一応テントもカバンに突っ込んで来たが、小さい物が一つだけだ。流石にこの中に男女で寝るのも問題だろう。
「俺は外で寝る。2人で使って良いぞ」
地面は岩場でかなり固いが、仕方ないだろう。寝袋に頼るしかないな。
「なんで?」
「いや、何でって……」
「一緒にテントで寝れば良い」
フォンは相変わらず浮世離れしているというか何というか。この辺りの価値観の違いは、元々精霊だったせいもあるのだろうか。
「マーチ、言ってやれ」
「……仕方ないわね。我慢してあげるわ」
「は?」
「今回は我慢してあげるから、テントに入りなさいって言ってるのよ」
「……正気か?」
「一応あんたの人柄は信用しているのよ。人柄というか、ヘタレさかしら。
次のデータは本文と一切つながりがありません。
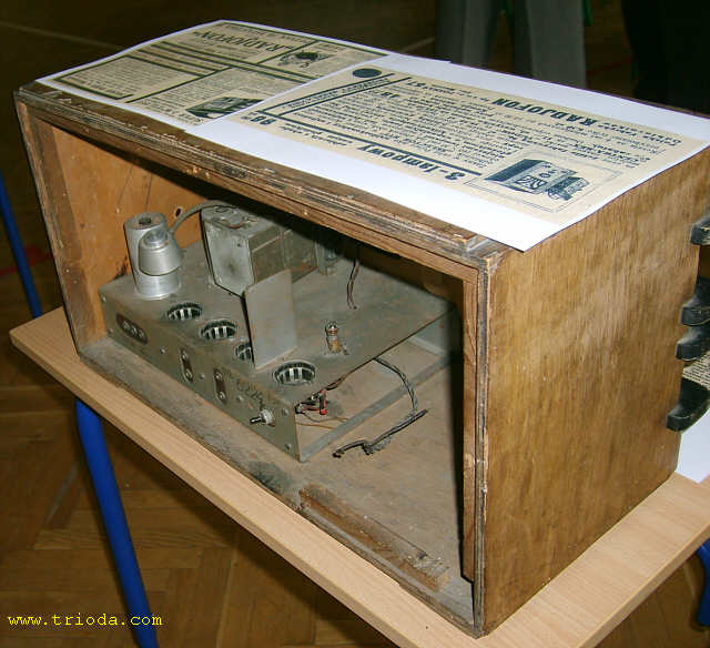 Producent: Radium Katowice, typ: NN. Odbiornik reakcyjny 3-lampowy. Rok produkcji 1933-1935. Eksponat z kolekcji Pana Mariusza Matejczyka.
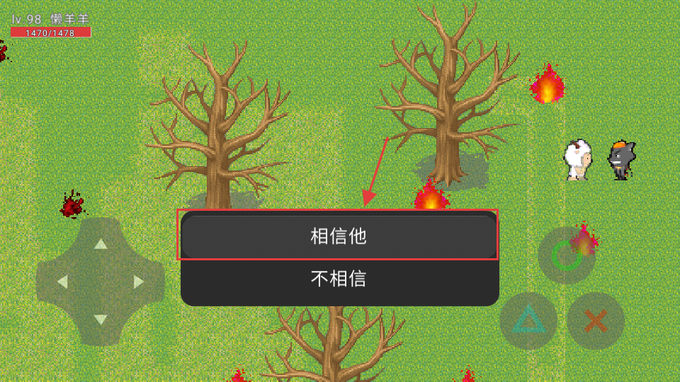 4、面对灰太狼的互动时会出现【相信他】-【不相信】两个选项,需根据剧情判断选择合适的选项推进。

あれだけ毎日毎日女子に囲まれておいて、誰にも手を出してないんでしょ?」
「恋人でもない女子に手を出す訳がない」
「そういうとこよ」
何がだ。当然のことではないのか。まさか世の男子たちは、恋人でもない女子に手を出すのか? 俺の常識がそこまでズレているとは思っていなかった……。
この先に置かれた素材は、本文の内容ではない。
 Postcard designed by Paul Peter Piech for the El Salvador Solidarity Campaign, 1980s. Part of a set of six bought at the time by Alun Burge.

「プッ、何を真剣な顔で悩んでんのよ。別にあんたは間違ってないわよ。そういうところを信用してるって言ってんでしょうが」
「あ、ああ、そうだよな。俺の常識が誤っている訳ではないよな。これまでの人生が根底からひっくり返るくらいの衝撃だったぞ……」
「あんたって、頭良いのに馬鹿なのね。そういうところも含めて頭が良いもんだと思ってたわ」
自分でもそう思っていた。真面目な話、常識がズレていると先読みもズレる。一般常識も大切な知識だ。もう少し交流を広げるべきかもしれない。
対抗戦で優勝して以降、俺に話しかけてくる生徒は増えた。そこそこ広く交友関係を持っている方だと認識していた。だが、そういう相手とはほんの少し会話をする程度の関係。友人とも呼べないような間柄だ。そうではなく、もっと気軽にクラスメイトと遊びに行ったりするような、常識的な交流をしていくべきなのかもな。
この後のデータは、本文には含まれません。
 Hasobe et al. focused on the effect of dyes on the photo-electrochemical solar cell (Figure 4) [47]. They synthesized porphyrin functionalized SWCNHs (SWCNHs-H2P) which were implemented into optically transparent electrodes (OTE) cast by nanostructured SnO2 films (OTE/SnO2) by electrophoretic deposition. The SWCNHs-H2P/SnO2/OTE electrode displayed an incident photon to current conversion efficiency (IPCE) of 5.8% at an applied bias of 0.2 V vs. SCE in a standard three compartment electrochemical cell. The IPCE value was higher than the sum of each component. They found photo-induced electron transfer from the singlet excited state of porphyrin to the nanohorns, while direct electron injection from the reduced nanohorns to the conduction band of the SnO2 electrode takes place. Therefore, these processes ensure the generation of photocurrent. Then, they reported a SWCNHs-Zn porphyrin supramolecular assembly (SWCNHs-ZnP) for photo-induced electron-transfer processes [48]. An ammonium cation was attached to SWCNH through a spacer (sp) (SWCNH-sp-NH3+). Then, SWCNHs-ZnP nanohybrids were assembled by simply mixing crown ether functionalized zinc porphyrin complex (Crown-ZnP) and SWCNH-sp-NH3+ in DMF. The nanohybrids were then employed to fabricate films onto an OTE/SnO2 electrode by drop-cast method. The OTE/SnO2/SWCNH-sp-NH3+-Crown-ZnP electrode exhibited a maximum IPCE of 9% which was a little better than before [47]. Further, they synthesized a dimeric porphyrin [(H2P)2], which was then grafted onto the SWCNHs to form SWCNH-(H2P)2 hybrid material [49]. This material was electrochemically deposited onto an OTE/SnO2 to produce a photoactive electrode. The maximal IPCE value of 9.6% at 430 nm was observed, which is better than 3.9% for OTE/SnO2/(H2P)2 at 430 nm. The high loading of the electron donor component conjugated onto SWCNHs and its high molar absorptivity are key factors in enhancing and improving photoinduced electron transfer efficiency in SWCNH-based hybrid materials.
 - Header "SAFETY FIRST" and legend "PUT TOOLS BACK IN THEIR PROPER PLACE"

テントの奥から、マーチ、フォン、俺の順で並び、寝る準備をする。小さいテントは、3人も並ぶとほぼ隙間がなくなってしまう。必然、すぐ目の前にフォンの顔が来たので、逆側、テントの外に顔を向ける。
「あ、っていうか妖精の蜜もらってないじゃない! あんのクソ妖精ども、逃げやがったわね!?」
突如、ガバリと起き上がったマーチが叫ぶ。元気だな。俺はもう、疲労ですぐにでも眠れそうだというのに。
「今更気づいたのか」
「気づいてたんなら、あの妖精ども捕まえときなさいよ!」
「無理矢理奪い取れる物ではないだろう。渡す気がないなら、他を当たるしかない」
仮に妖精を捕まえたとして、素直に蜜の貯蔵場所を教える訳がない。我がままな子供と同じような思考をする妖精は、自分が嫌なことは絶対にしない。
命の危険を覚えるほどの拷問でもすれば別かもしれないが、そんなことをする気はない。あの妖精たちが逃げて行った以上、あいつらから蜜をもらうのは不可能だということだ。
「ぐぬぬ……」
「エレは蜜を作っていないのか?」
「この子、蜜として固められる余剰エネルギーがほとんどなかったみたいなのよね。だから、蜜は持ってないって」
やはり元々エネルギー量が少なかったか。他の妖精と比べて、遺跡内で弱るのが早かったからな。そうだとは思っていた。まあもし作っていたとしても、他の妖精に奪われていそうだ。どの道持ってはいなかっただろう。
「ま、それは明日考えよう。今日はもう疲れた。俺は寝る」
隣からは既に寝息が聞こえてきている。マーチがぎゃあぎゃあ騒ぐ中で、よく眠れるものだ。
「はあ、まあそうね。わたしも疲れてるし、おやすみ」
「ああ、おやすみ」
翌日。目を覚ますと、まだ2人は寝ていたので、起こさないようにテントから出る。真っ青な透き通る空だ。良い天気だな。精霊界の天候が人間界と同様なのかは知らないが。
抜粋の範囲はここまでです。